Les premières bières tiennent du pain liquide. Littéralement. Pour les fabriquer, on émiettait dans l'eau des pains de céréales cuits avant de fermenter l'ensemble. L'ajout de dattes, de miel ou d'autres arômes comme des épices était monnaie courante. Ces bières ancestrales étaient vraisemblablement des production proches du gruau, une soupe non pétillante, avec des morceaux de céréales, servies à température ambiante. La couleur était probablement foncée, la notion de blonde n'existait pas. Quant au goût, la bière étant conservée dans des jarres, des amphores, des cruches, des calebasses, puis des tonneaux après que les Gaulois les eurent inventés, bref des contenants non étanches, l'aigreur issue de l'oxydation devait en être une caractéristiques incontournable. Il est aussi probable que les taux d'alcool étaient réduits. Bref, rien de bien appétissant pour nous humaines modernes. Parallèlement, il semble que de nombreuses cultures aient associé la bière à des valeur féminines, liées au monde de la fertilité. Des divinités féminines comme Ninkasi, "la dame qui remplit la bouche" l'attestent. Plus proche de nous, on retrouve Cérès. Cette déesse romaine de l'Agriculture, des Moissons et de la Fécondité a donné son nom tant aux céréales qu'à la cervoise.

Les techniques s'affinent

Au cours de l'Antiquité puis du Moyen Âge, les techniques s'affinent sans pour autant changer fondamentalement. Seule découverte de taille, on ajoute du houblon dans les recettes à partir du XIe siècle, le houblonnage de la bière se généralise. Les propriétés antioxydantes ainsi que l'amertume prononcée de cet aromate de la famille du cannabis ont certainement scellé son succès : grâce à lui, les saveurs aigres de l'oxydation se développent plus lentement. Cependant, les bières de la préhistoire jusqu'à la révolution industrielle étaient avant tout des aliments.

Au cours du XIXe siècle, on met au point successivement des procédés de maltage permettant d'obtenir des bières blondes, des machine à vapeur à même d'alimenter la production et de transporter la bière sur de longues distances. Les bouteilles en verre produites en série permettant de conserver le gaz de la bière font leur apparition. Et, surtout, les découvertes de Louis Pasteur ouvrent la voie à de nombreuses avancées sur le contrôle des fermentations, qui étaient jusqu'alors souvent perçues comme relevant de la magie pure et simple.
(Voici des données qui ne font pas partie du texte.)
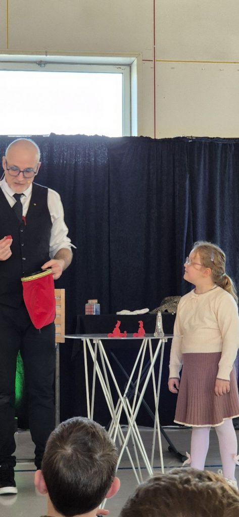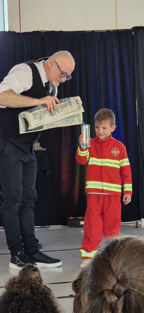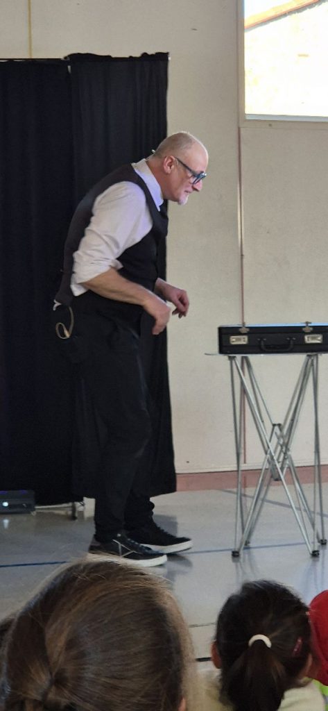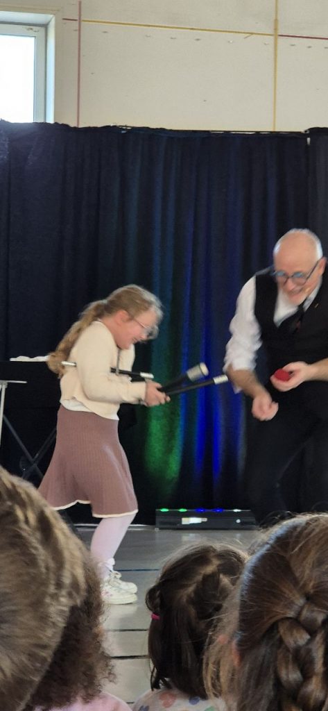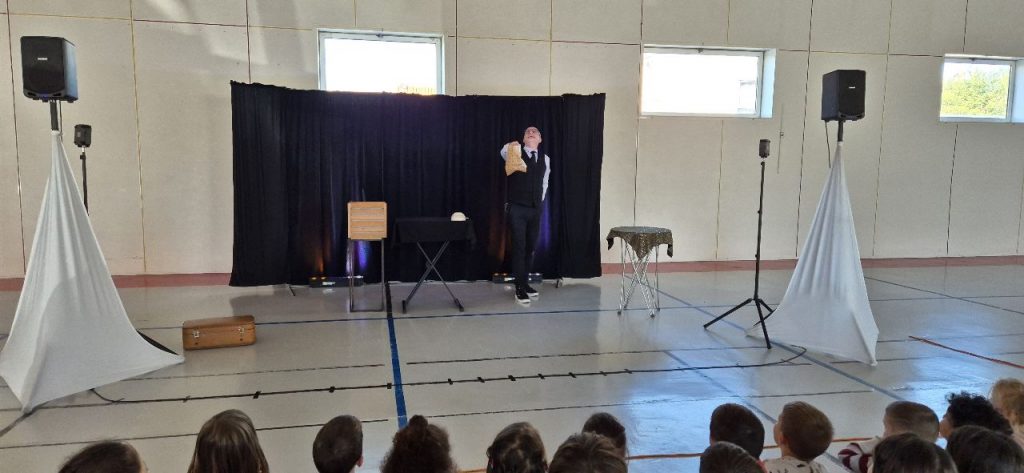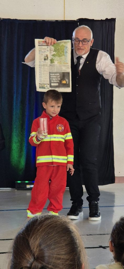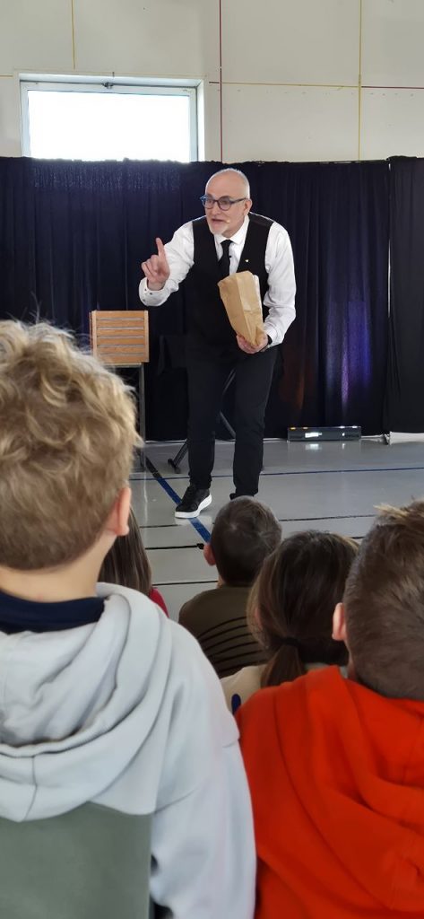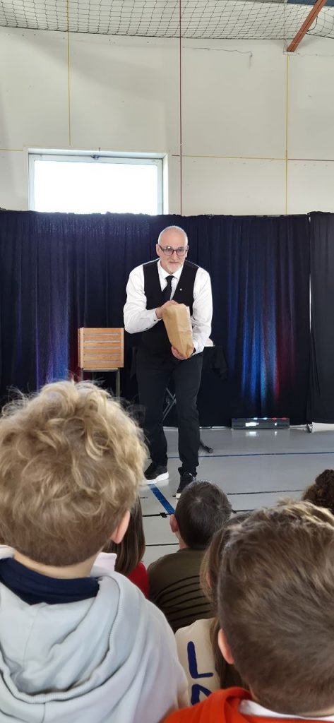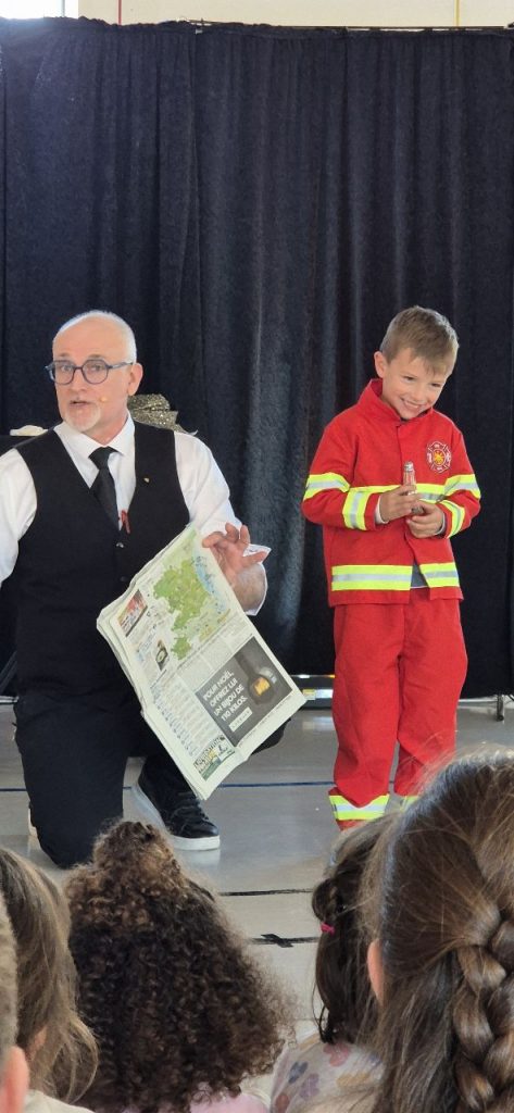 Les enfants, émerveillés, se sont laissés emporter par un univers plein de surprises et d’illusions. Entre rires et regards ébahis, ils ont même participé activement aux tours en lançant des balles… imaginaires ! Et comme par magie, celles-ci reprenaient forme dans des poches en papier, provoquant étonnement et éclats de joie dans toute la salle.

L'artisanat retrouve sa place

L'industrialisation du brassage a fortement concentré les brasseries. Tout au long du XXe siècel, les industriels n'ont eu de cesse de diminuer le nombre de marques et surtout de sites de production afin d'optimiser la rentabilité. A l'aube du XXIe siècle, cette situation connaît un net revirement : l'essor sans précédent des brasseries artisanales. Aux Etats-Unis d'abord. Une nouvelle génération de brasseurs fait le pari d'une production locale en faibles volumes, où le goût et l'identité de la bière l'emporte sur les considérations financières. Ce mouvement, né dans le années 1980, s'étend et gagne progressivement de nombreux pays développés comme le Canada (en particulier le Québec), la Scandinavie, la France, l'Italie, ou plus récemment, des pays comme le Mexique ou le Brésil. Cet engouement pour la "craft beer" donne aussi un nouveau souffle à des traditions brassicoles parfois sur le déclin, comme en Belgique ou en Allemagne.